No resulta sorprendente
que ciertos sentimientos humanos, como el odio y el ansia de
justicia, sean tan universales que acerquen más de lo que a primera
vista pueda parecer a un pueblo de la Castilla más profunda y a la
Rusia zarista, tampoco nos resulta extraño a nadie que los extremos
se acaben tocando cuando se ha decidido de manera firme que el fin
debe justificar los medios. Así, nos encontramos con dos grupos de
conspiradores que hacen de su vida una herramienta para conseguir lo
que para ellos es un ideal de justicia.
Si en Doña perfecta
vemos a un grupo de personas profundamente reaccionarias, que están
profundamente convencidas de que su mundo no debe cambiar, en Los
Justos nos encontramos con todo lo contrario, un grupo terrorista
revolucionario convencido de que el mundo debe ser diferente, y en
ambos casos vemos como en aras de lo que ellos consideran que es
justo y bueno se llegan a autoproclamar jueces de la sociedad.

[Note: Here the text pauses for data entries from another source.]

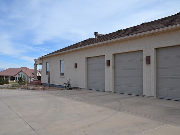 Striking four bedroom custom home on two plus acres near the Colorado National Monument overlooking the Grand Valley. Attached 3+ car garage with circle drive and added parking area. Breath taking views from every window. The private rear courtyard with 1200sf covered patio, pergola and covered entries provide relaxing outdoor living spaces on all sides of the home. Low maintenance landscaping with drip irrigation system along with gas fire pit and feature lighting set a relaxing mood. Large inviting interior living areas with architectural arches and custom feature lighting add to the experience. The spacious kitchen with stainless steel appliances, solid quartz tops and energy efficient lighting enhance your entertainment possibilities. Oversized laundry/hobby room, walk-in pantry and closets provide plenty of storage for everything you need for your home on the hill.
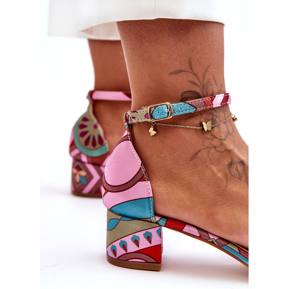 Detalhes: STEPHAN Sandálias de Salto Alto de Cetim Estampadas Rosa Mix Inspire Me! multicolorido
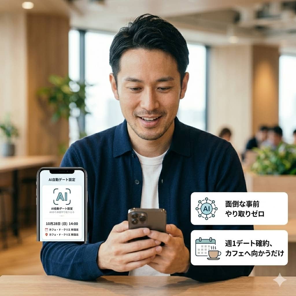 このアプリなら、AIが相手を選び、デートの日時と場所まで自動で確定させます。
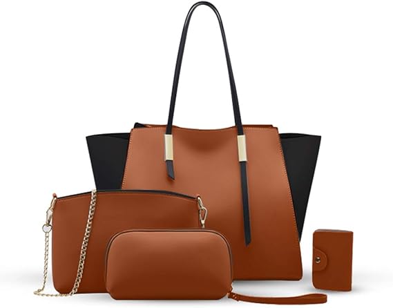 Amazon Menaka トートバッグ レディース バッグ ショルダーバッグ ハンドバッグ 通勤 鞄女性用 4点セット 底鋲 ビジネス 入学式 誕生日プレゼント ブラウン ハンドバッグ
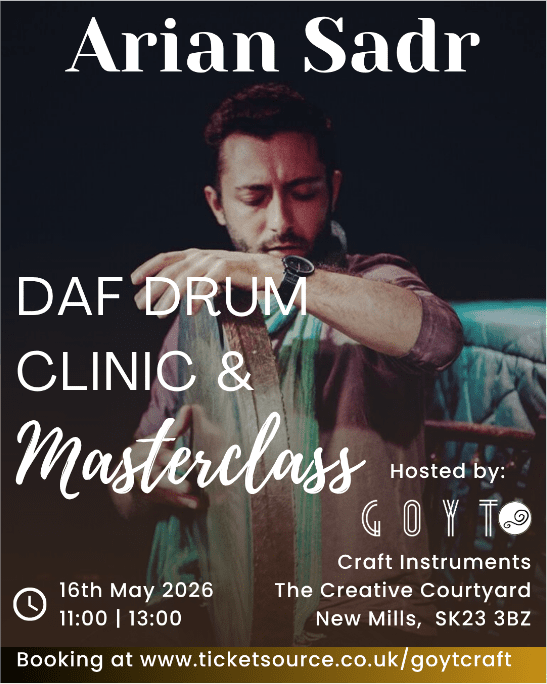 This is the second of two events held across the day. A morning drum clinic, focusing on Tonbak and Daf playing is held from 11am (Ticketed Separately). Both events are suitable to attend in isolation. Or join us for both, for a full morning of learning and playing.

Sin
embargo, la realidad es que son dos caras de la misma moneda, porque
nadie les podría nunca convencer de que sus motivos están
equivocados, de que en el fondo de sus actos lo que reside es la
maldad. Tanto que algunos de los personajes de ambos libros sólo van
a encontrar liberación en el castigo y en el remordimiento.
Pero antes de llegar a
ello vemos un proceso que pasa por la deshumanización de la victima,
que antes es enemigo que persona, motivo que llega a justificar que
le puedan privar hasta de su derecho a la vida, que queda supeditado
a un bien que ellos mismos sitúan por encima. Para Doña Perfecta
llega un momento en el que su sobrino “no es su sobrino, es la
nación oficial, es esa segunda nación compuesta de los perdidos que
mandan en Madrid”; de la misma forma que el archiduque es para los
terroristas sólo un símbolo de la opresión, algo que Camus trata
de resaltar cuando habla de su carne y de su sangre tras el atentado,
de forma que lo hace humano frente al asesino que, como consecuencia
de sus crímenes, ha perdido gran parte de su humanidad.
Esto me parece de lo más
interesante, entrar en las consecuencias que en el propio verdugo
tienen sus acciones, como su falta de empatía y su falta de amor por
las personas contrasta con su amor por una sociedad idealizada
(aunque hay otras motivaciones mucho más egoístas en el caso de
Doña Perfecta). Porque como escribe Camus “quien ama
verdaderamente la justicia no tiene derecho al amor” y en efecto,
no hay amor verdadero en sus actos, como mucho una falsa sensación
de amor disfrazada de idealismo religioso o socialista, lo mismo da
llegado el caso. Pero sobre todo lo que no hay es justicia, una
palabra que cuanto más se pronuncia más se desgasta, y ellos lo
saben, haciendo que su vida sea una tortura hueca.
Es también reseñable
que en ambos libros los autores tratan de hablar de los
acontecimientos como espectadores imparciales, consiguiéndolo sólo
en parte, porque para mí queda claro que, aunque sea de manera muy
sutil, Galdós se posiciona del lado de la víctima y Camus del de
los verdugos, que en ambos casos parecen ser los buenos, o al menos
los menos malos. Y es que ese es el fondo de la cuestión, todos nos
creemos justos, buenos y mucho menos imperfectos de lo que estamos
dispuestos a admitir en el fondo de nuestros corazones.
Para desmentirnos están
los hechos.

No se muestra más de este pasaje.